TASK ITEM: Without the pictures, copy all of the data exactly.

RECORDS PROVIDED:

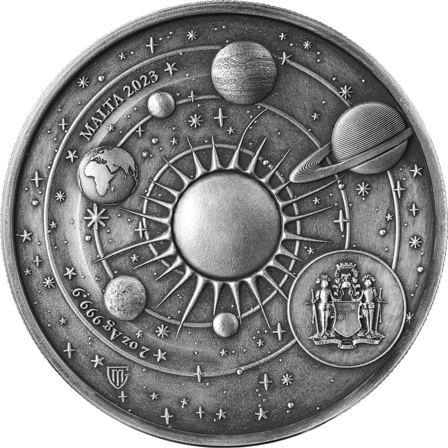 16th-century heliocentric solar system: Mercury, Venus, Earth, Mars, Jupiter, Saturn. Purity and mintmark lower left. Central Bank of Malta coat of arms lower right. Starry background.
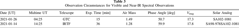 Table 3. Observation Circumstances for Visible and Near-IR Spectral Observations
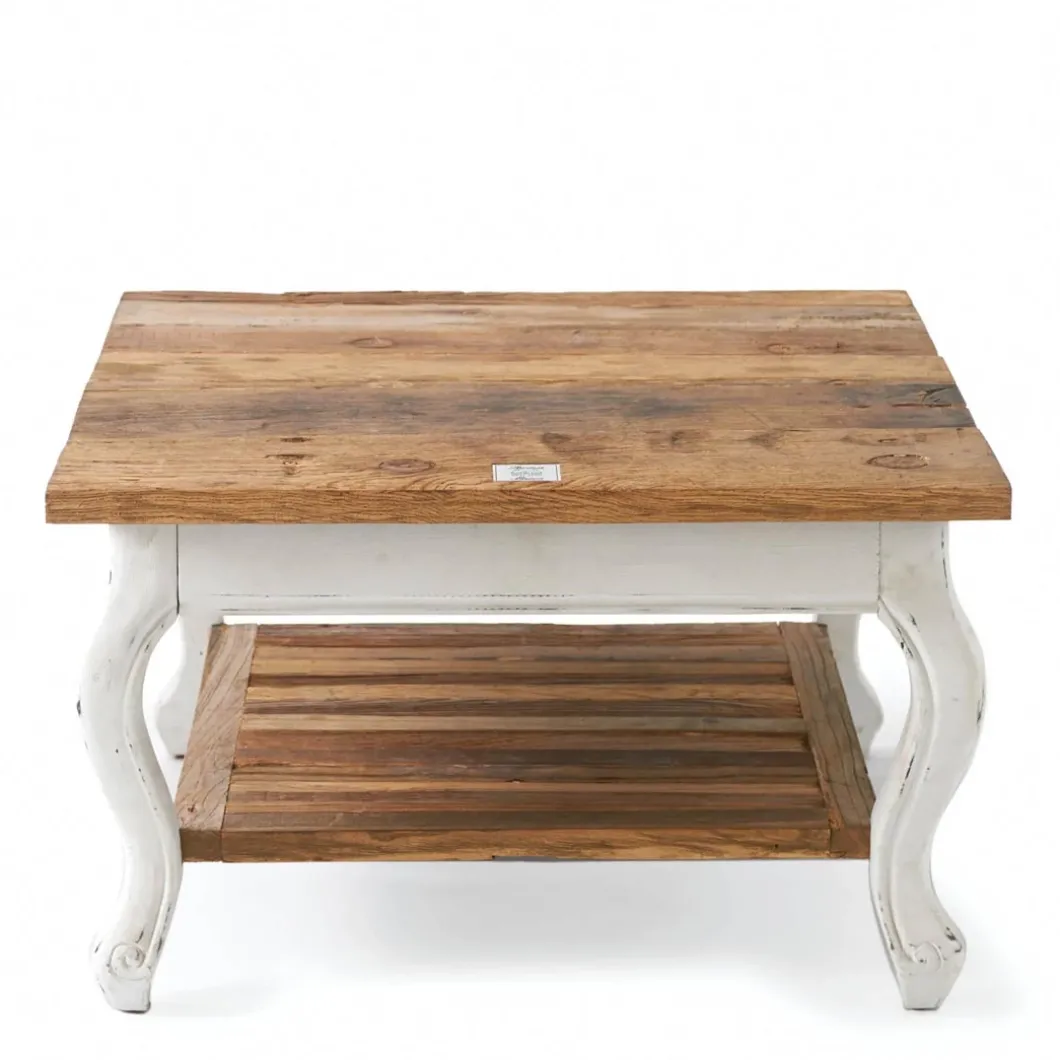 De tafelbladen van de Driftwood Collection zijn gemaakt van oude houten deuren; zelfs de afdrukken van de scharnieren en deurklinken zijn nog zichtbaar. Deze coffee table is ideaal als bijzettafel naast de bank. Plaats er een mooie lamp op, boek erbij, drankje bij de hand en geniet.
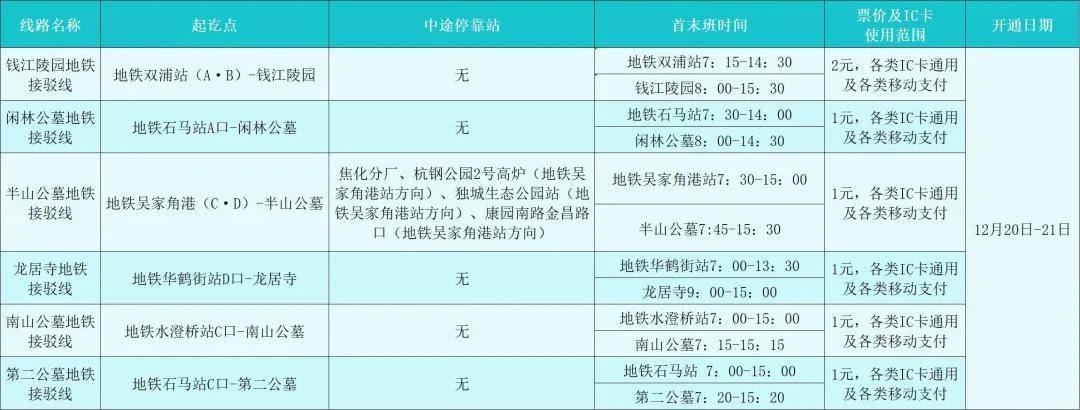 为满足市民冬至祭扫出行需求,杭州公交将在12月20日至21日开通6条扫墓地铁接驳线,分别接驳地铁3号线石马站、华鹤街站,地铁4号线水澄桥站、吴家角港站和地铁6号线双浦站,方便市民乘客通过“地铁+公交”的高效出行方式前往钱江陵园、闲林公墓、半山公墓、龙居寺、南山公墓、第二公墓等地。
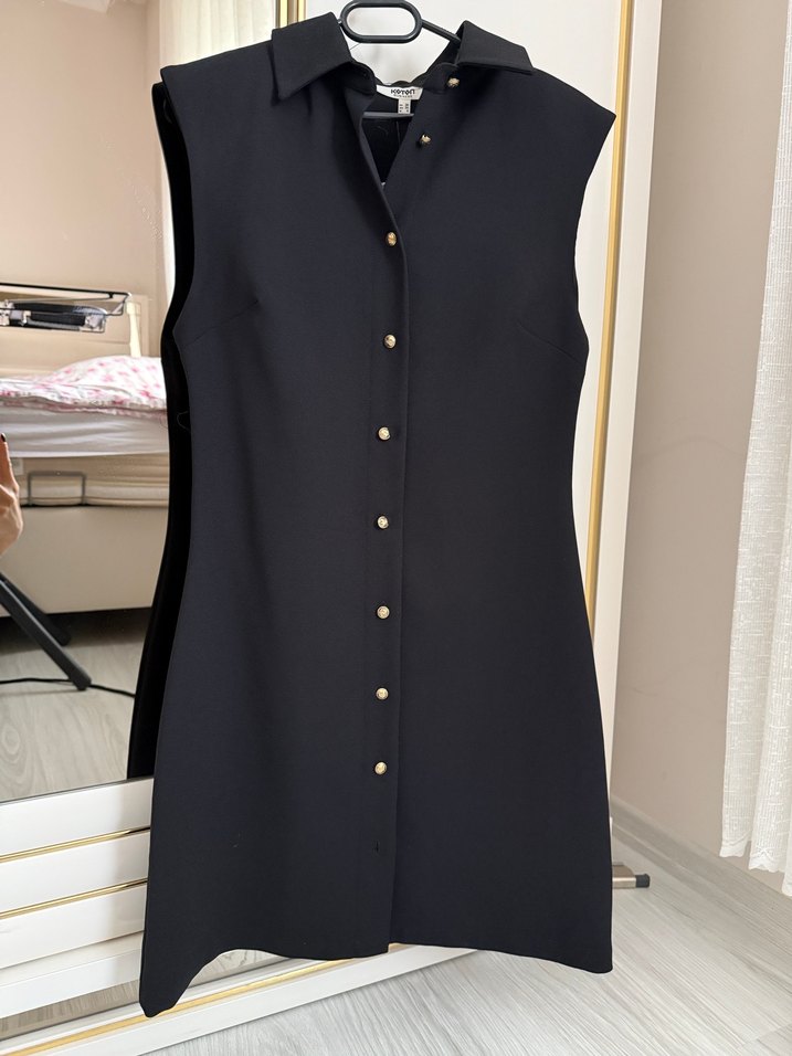 Düğmeli, yakalı, kolsuz siyah midi elbise. Düz ve rahat kesim, ofis kullanımı için uygun
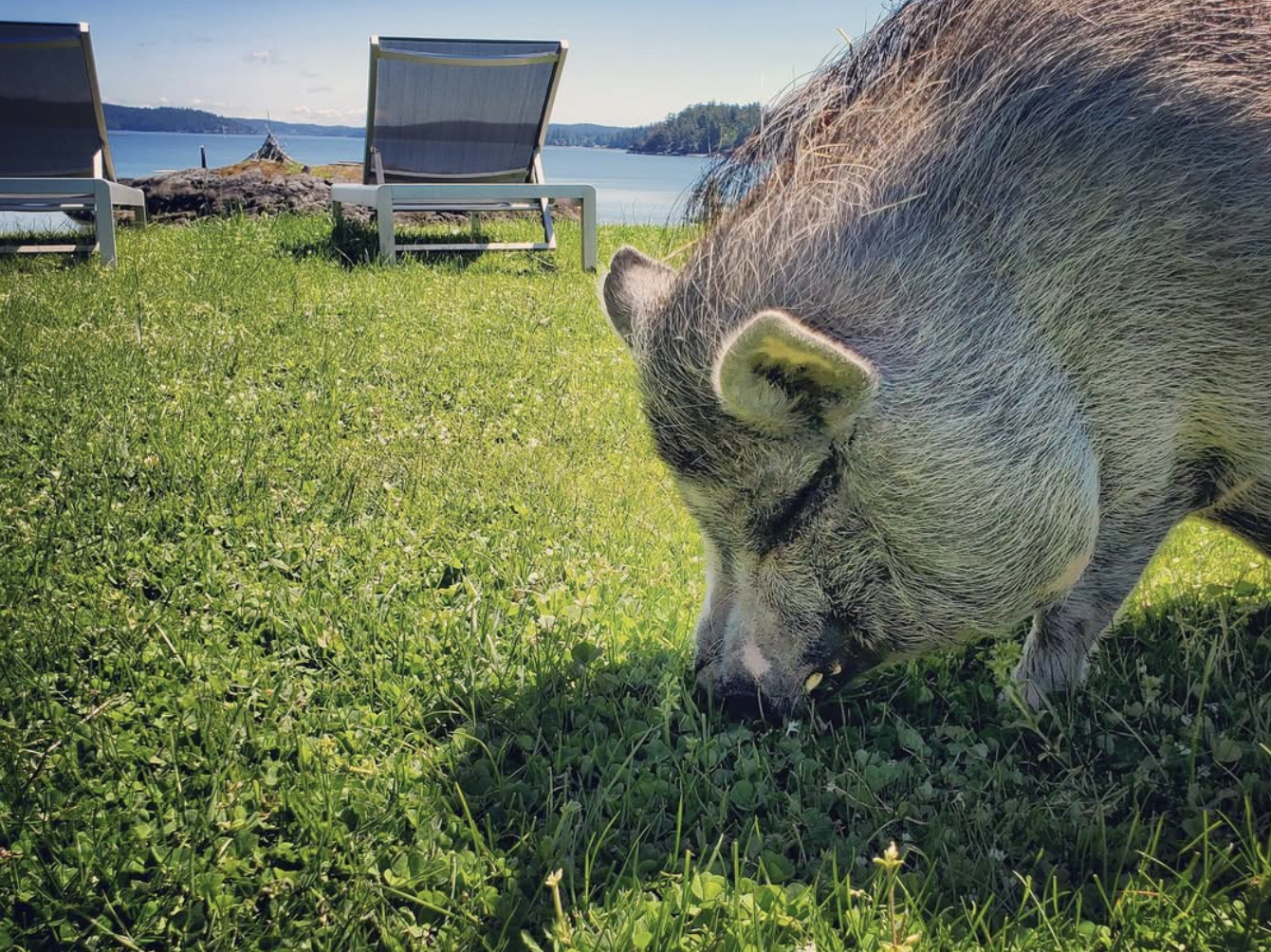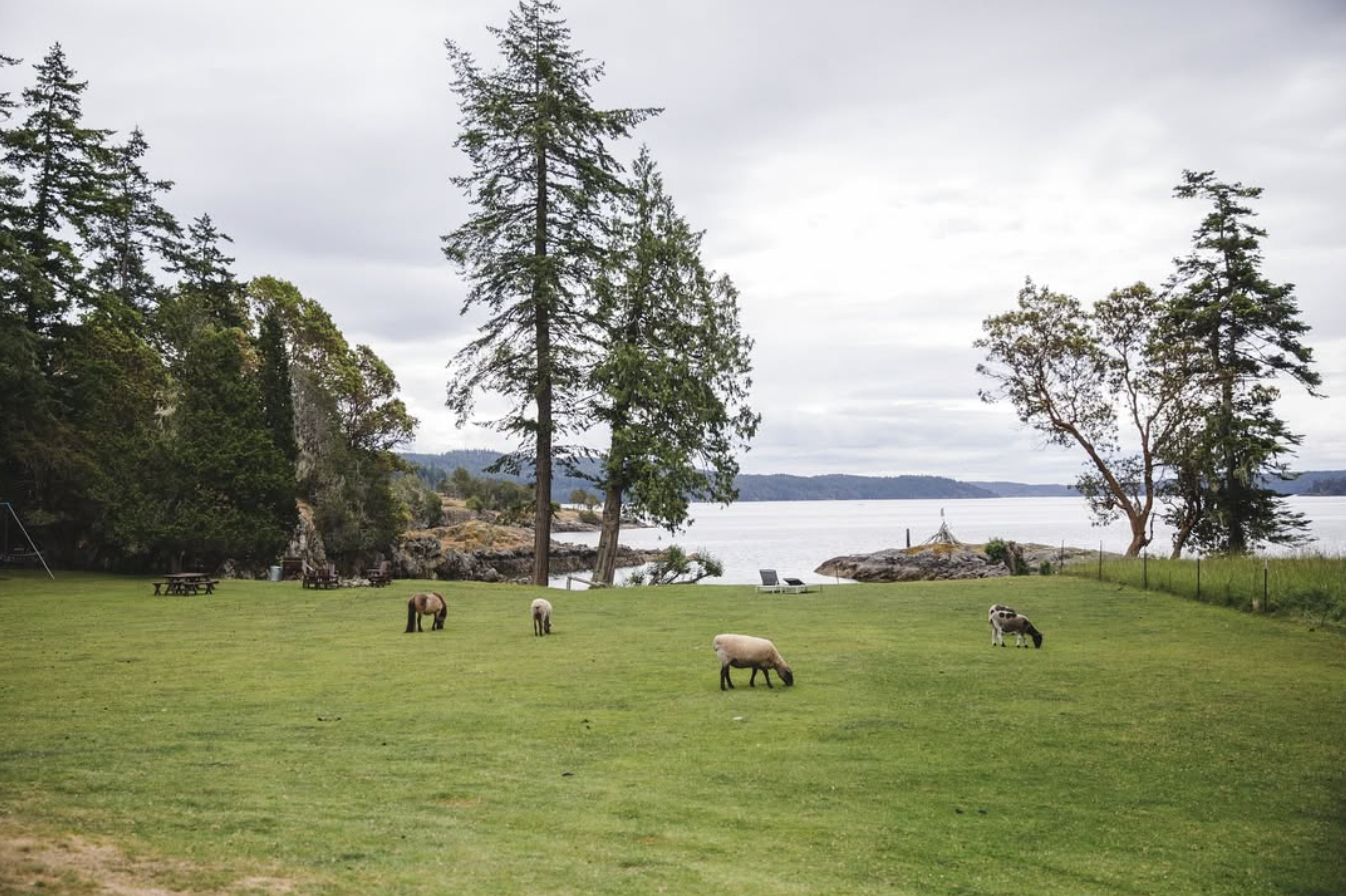 Wake up to the sounds of the gentle waves lapping on the shore and the scent of the sea. There are four acres of gardens, orchards, lawn and beach to explore. Spend your days playing with the rescue farm animals, beach combing, rowing out to an island to picnic, picking what’s ripe in the garden, taking a nap in a hammock or gazing up at the stars as you soak in the hot tub.

RESPONSE TO THIS EXERCISE:
 16th-century heliocentric solar system: Mercury, Venus, Earth, Mars, Jupiter, Saturn. Purity and mintmark lower left. Central Bank of Malta coat of arms lower right. Starry background.
 Table 3. Observation Circumstances for Visible and Near-IR Spectral Observations
 De tafelbladen van de Driftwood Collection zijn gemaakt van oude houten deuren; zelfs de afdrukken van de scharnieren en deurklinken zijn nog zichtbaar. Deze coffee table is ideaal als bijzettafel naast de bank. Plaats er een mooie lamp op, boek erbij, drankje bij de hand en geniet.
 为满足市民冬至祭扫出行需求,杭州公交将在12月20日至21日开通6条扫墓地铁接驳线,分别接驳地铁3号线石马站、华鹤街站,地铁4号线水澄桥站、吴家角港站和地铁6号线双浦站,方便市民乘客通过“地铁+公交”的高效出行方式前往钱江陵园、闲林公墓、半山公墓、龙居寺、南山公墓、第二公墓等地。
 Düğmeli, yakalı, kolsuz siyah midi elbise. Düz ve rahat kesim, ofis kullanımı için uygun
 Wake up to the sounds of the gentle waves lapping on the shore and the scent of the sea. There are four acres of gardens, orchards, lawn and beach to explore. Spend your days playing with the rescue farm animals, beach combing, rowing out to an island to picnic, picking what’s ripe in the garden, taking a nap in a hammock or gazing up at the stars as you soak in the hot tub.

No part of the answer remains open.